▶ Material supplied

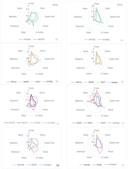 In Figure 2A, Verdejo wine is compared with the MT103 wine in both years (1 and 2, respectively). In 2018, the MT103 wine was considered by tasters to be a citric wine, with notes of aromatic herbs and some aromas of the chemical series, like alcohol or solvent, and less aromatic than Verdejo (Figure 2A1). However, in 2019, this wine was defined as being more aromatically complex, with stronger notes of fruits (apricot and peach), which may have been related with the ethyl ester concentrations resulting from the earlier harvest and lower Brix than in 2018. Furthermore, lemon or orange citric notes and some floral characteristics (jasmine) (Figure 2A2) added to the improvement in the aromatic composition compared with Verdejo during this last year.
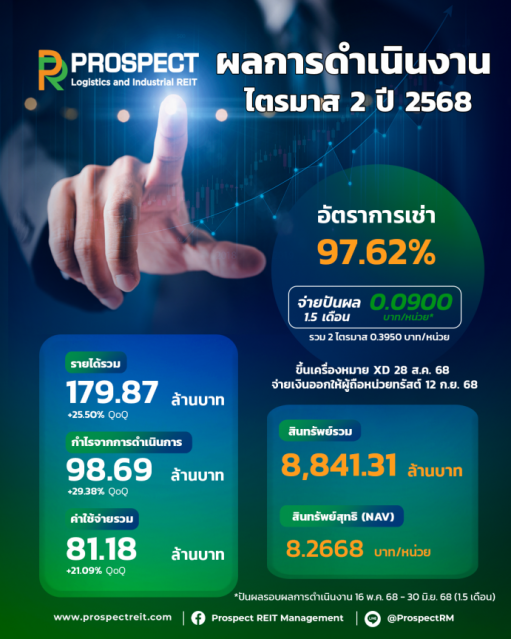 PROSPECT REIT ชูไตรมาส 2/2568 มาแรง อัตราการเช่าทะยาน 97.62% ครึ่งปีแรกจ่ายปันผล 0.3950 บาทต่อหน่วย ปักธงโตต่อเตรียมขออนุมัติลงทุนเพิ่มเติม
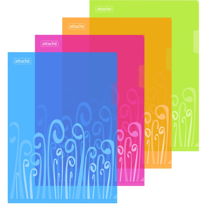 Папка-уголок Attache Fantasy формата А4 изготовлена из полупрозрачного пластика плотностью 180 мкм с абстрактным узором. Позволяет удобно хранить и переносить документы, предотвращает их смятие и загрязнение. Есть выемка для удобного извлечения листов. Папки поставляются упаковками по 8 штук разного цвета. Вместимость до 40 листов.
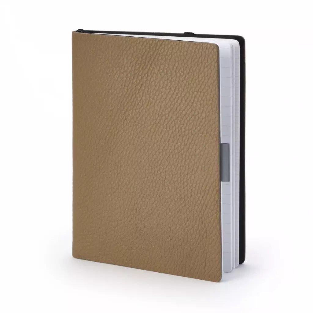 The cover, in top-quality calf leather, stems from Europe and is tanned according to stringent environmental regulations. The leather is then handcrafted in Switzerland, and each cover is unique.
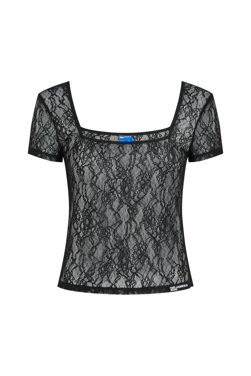 TRIČKO KARL LAGERFELD JEANS KLJ SS LACE TOP BLACK
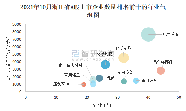 2021年10月浙江省A股上市企業(yè)數(shù)量排名前十的行業(yè)氣泡圖
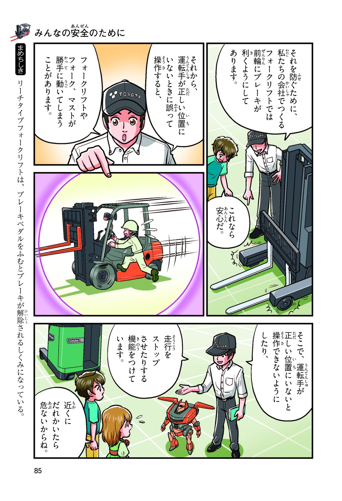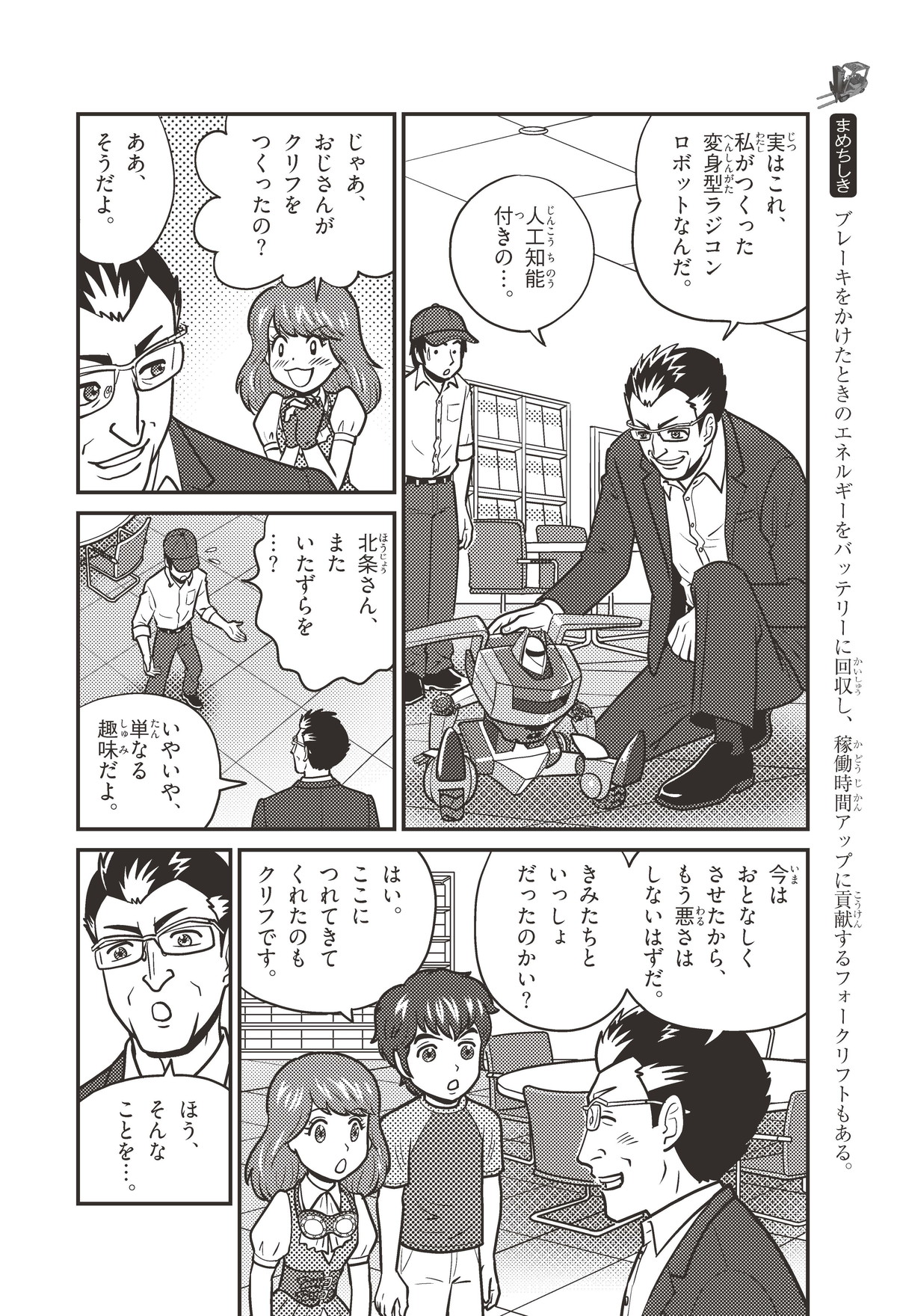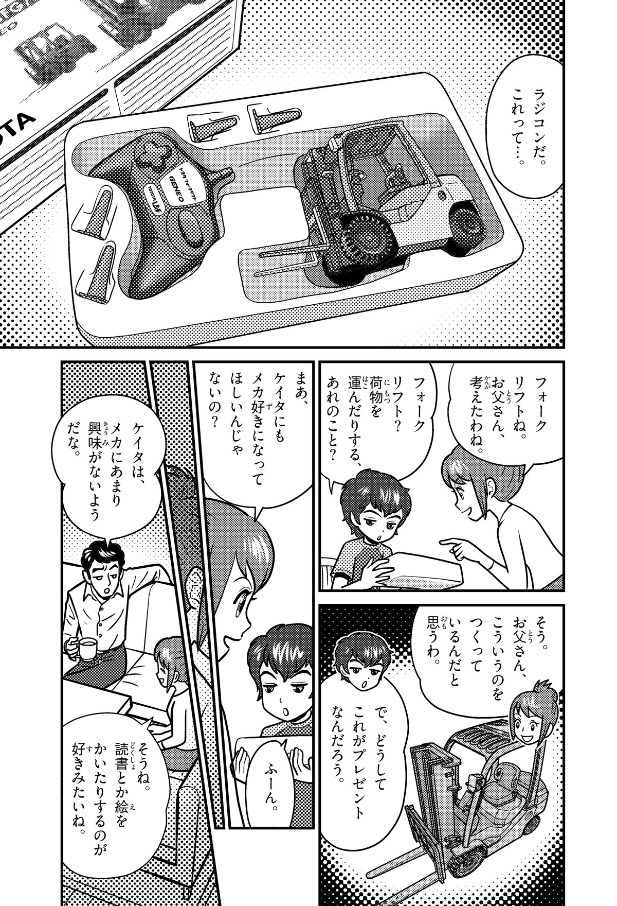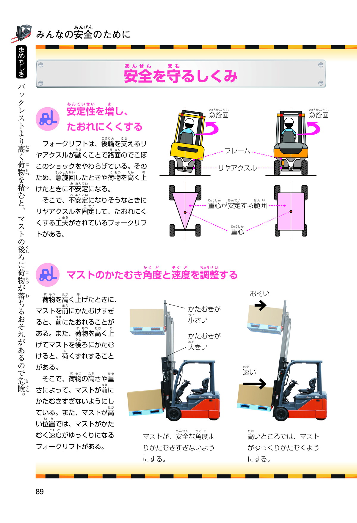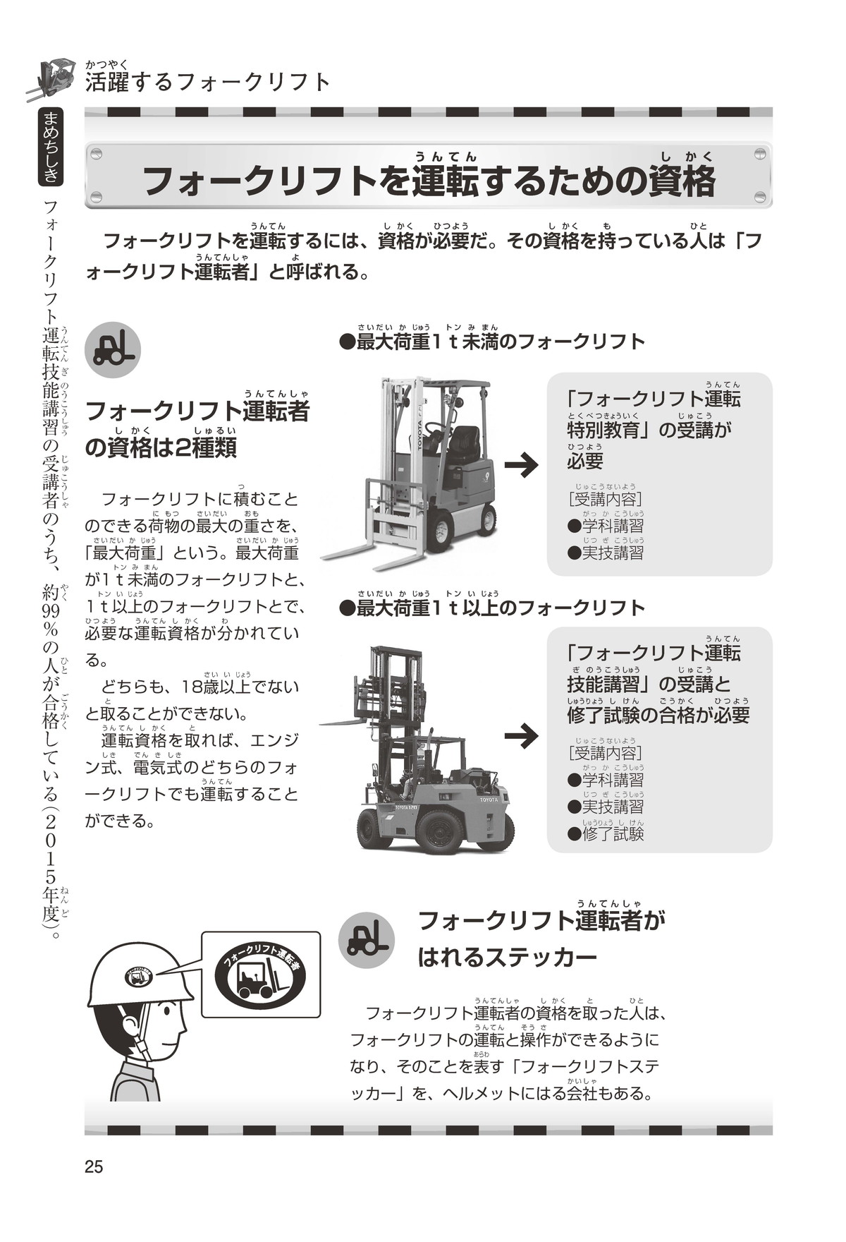 お父さんから誕生日プレゼントに「フォークリフト」のラジコンをもらった、小学5年生のケイタ。フォークリフトとは、工場や倉庫、港などで、荷物の運搬に活躍する自動車のこと。荷物を安全に効率よく運ぶために、多くの工夫がされているんだ。そんなフォークリフトのしくみや種類、最新のフォークリフトなど、たくさんのひみつを、フォークリフトの化身、クリフが教えてくれるよ。

▶ The problem
Output all of the data word for word, excluding any pictures.

▶ Solution
 In Figure 2A, Verdejo wine is compared with the MT103 wine in both years (1 and 2, respectively). In 2018, the MT103 wine was considered by tasters to be a citric wine, with notes of aromatic herbs and some aromas of the chemical series, like alcohol or solvent, and less aromatic than Verdejo (Figure 2A1). However, in 2019, this wine was defined as being more aromatically complex, with stronger notes of fruits (apricot and peach), which may have been related with the ethyl ester concentrations resulting from the earlier harvest and lower Brix than in 2018. Furthermore, lemon or orange citric notes and some floral characteristics (jasmine) (Figure 2A2) added to the improvement in the aromatic composition compared with Verdejo during this last year.
 PROSPECT REIT ชูไตรมาส 2/2568 มาแรง อัตราการเช่าทะยาน 97.62% ครึ่งปีแรกจ่ายปันผล 0.3950 บาทต่อหน่วย ปักธงโตต่อเตรียมขออนุมัติลงทุนเพิ่มเติม
 Папка-уголок Attache Fantasy формата А4 изготовлена из полупрозрачного пластика плотностью 180 мкм с абстрактным узором. Позволяет удобно хранить и переносить документы, предотвращает их смятие и загрязнение. Есть выемка для удобного извлечения листов. Папки поставляются упаковками по 8 штук разного цвета. Вместимость до 40 листов.
 The cover, in top-quality calf leather, stems from Europe and is tanned according to stringent environmental regulations. The leather is then handcrafted in Switzerland, and each cover is unique.
 TRIČKO KARL LAGERFELD JEANS KLJ SS LACE TOP BLACK
 2021年10月浙江省A股上市企業(yè)數(shù)量排名前十的行業(yè)氣泡圖
 お父さんから誕生日プレゼントに「フォークリフト」のラジコンをもらった、小学5年生のケイタ。フォークリフトとは、工場や倉庫、港などで、荷物の運搬に活躍する自動車のこと。荷物を安全に効率よく運ぶために、多くの工夫がされているんだ。そんなフォークリフトのしくみや種類、最新のフォークリフトなど、たくさんのひみつを、フォークリフトの化身、クリフが教えてくれるよ。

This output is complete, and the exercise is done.